WHAT THE TASK REQUIRES
Please begin with the line containing "Zero thread head" and reproduce each line exactly until the records below end, without any pictures.

- - - - -

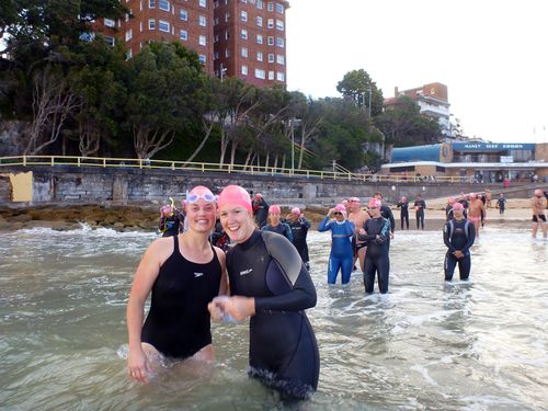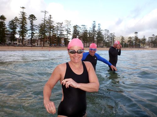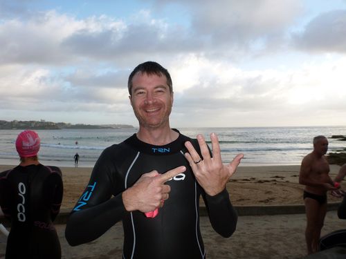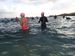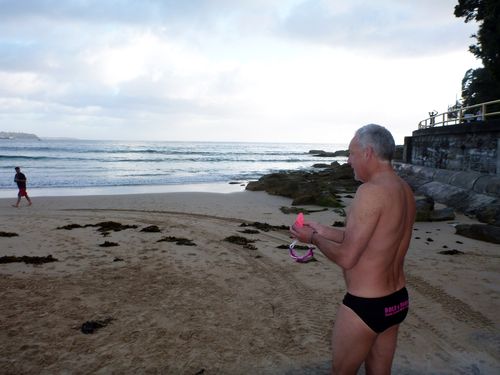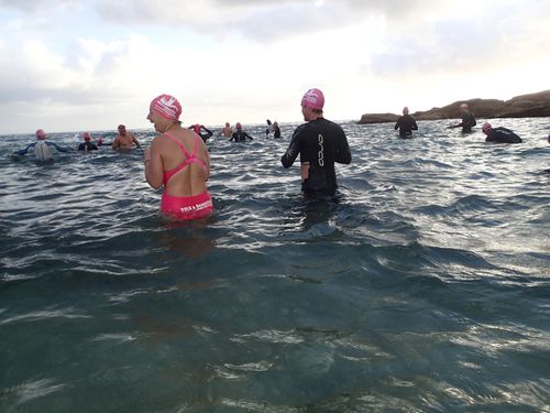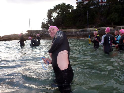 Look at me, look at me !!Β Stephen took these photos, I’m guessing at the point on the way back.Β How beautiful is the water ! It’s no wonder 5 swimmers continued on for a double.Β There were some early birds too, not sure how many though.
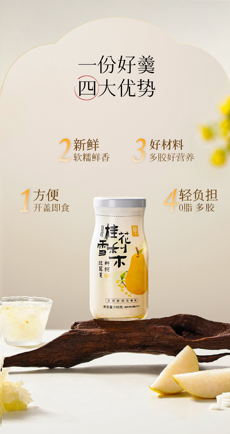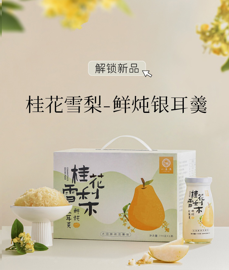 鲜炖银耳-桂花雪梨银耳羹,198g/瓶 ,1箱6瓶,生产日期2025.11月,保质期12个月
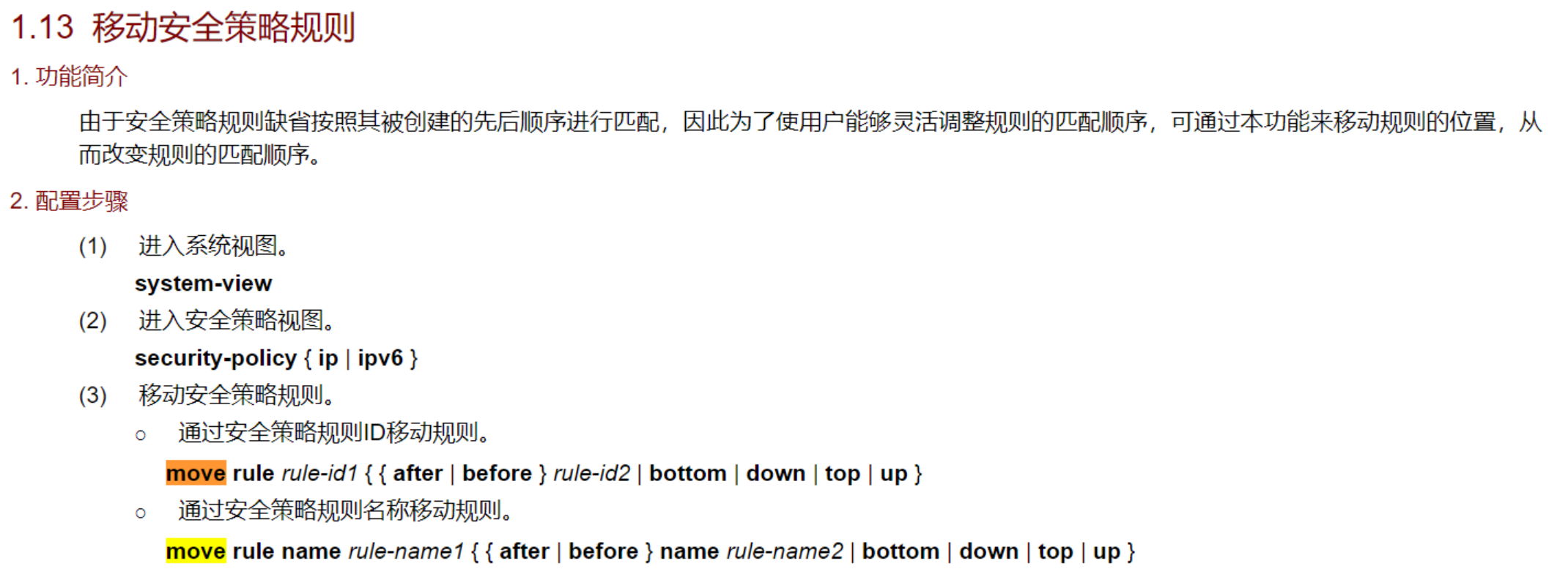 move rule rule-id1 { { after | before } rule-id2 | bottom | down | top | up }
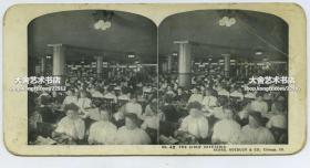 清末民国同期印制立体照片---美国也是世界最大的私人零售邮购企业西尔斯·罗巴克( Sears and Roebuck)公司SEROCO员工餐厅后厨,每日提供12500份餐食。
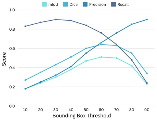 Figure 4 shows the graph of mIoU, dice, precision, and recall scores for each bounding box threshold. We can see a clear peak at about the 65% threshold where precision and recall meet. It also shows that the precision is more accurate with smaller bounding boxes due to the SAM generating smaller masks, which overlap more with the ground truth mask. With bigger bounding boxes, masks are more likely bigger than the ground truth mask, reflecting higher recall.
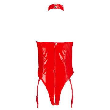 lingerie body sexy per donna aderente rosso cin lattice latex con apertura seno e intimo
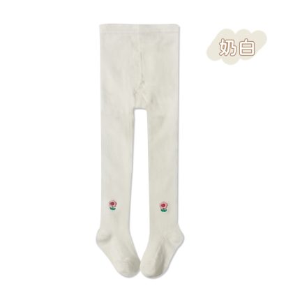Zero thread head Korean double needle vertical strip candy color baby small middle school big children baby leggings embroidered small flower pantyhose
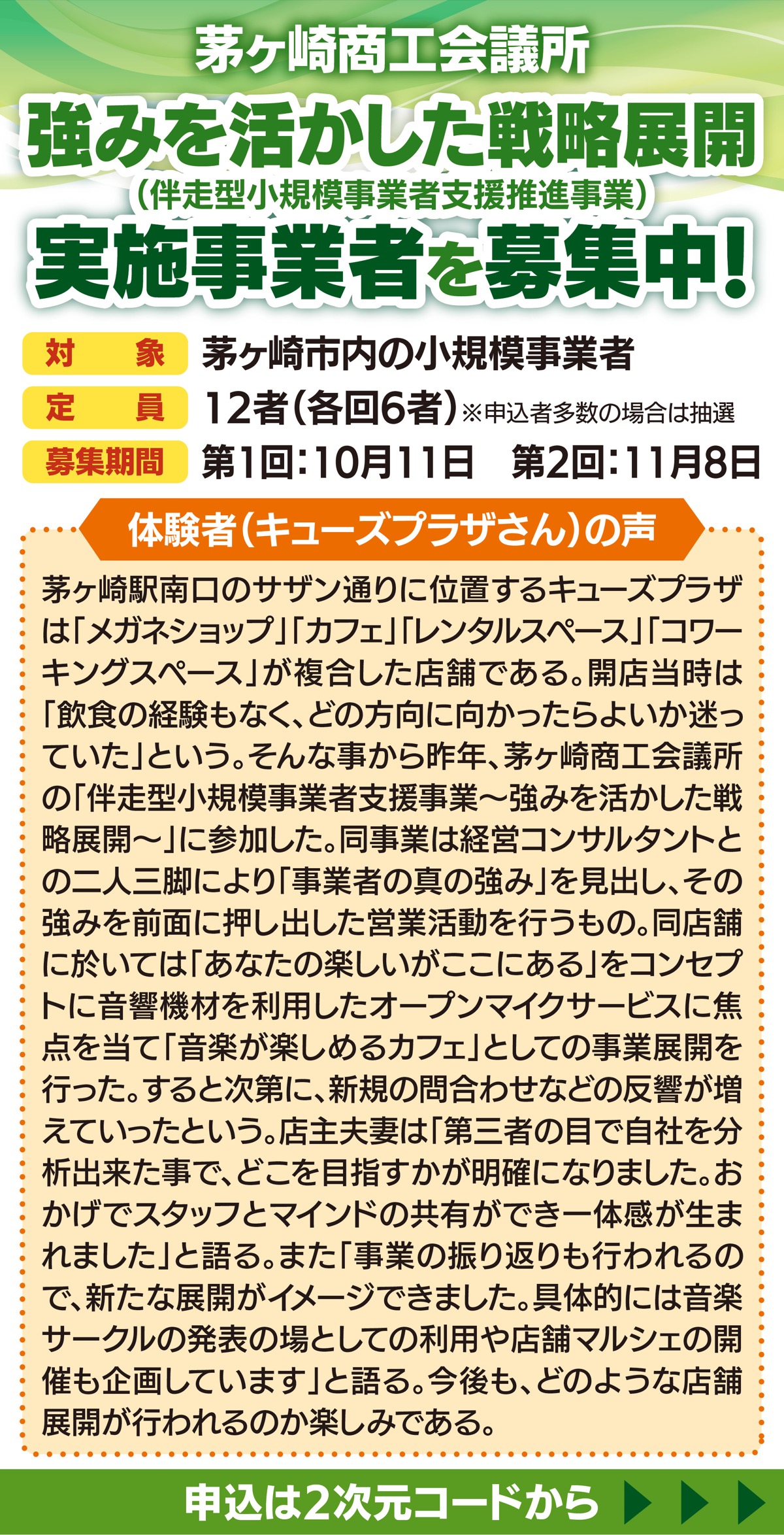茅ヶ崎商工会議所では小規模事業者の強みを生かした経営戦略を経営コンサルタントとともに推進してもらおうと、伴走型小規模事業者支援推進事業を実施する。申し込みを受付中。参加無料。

- - - - -

SOLUTION FOR THIS TASK
Zero thread head Korean double needle vertical strip candy color baby small middle school big children baby leggings embroidered small flower pantyhose
茅ヶ崎商工会議所では小規模事業者の強みを生かした経営戦略を経営コンサルタントとともに推進してもらおうと、伴走型小規模事業者支援推進事業を実施する。申し込みを受付中。参加無料。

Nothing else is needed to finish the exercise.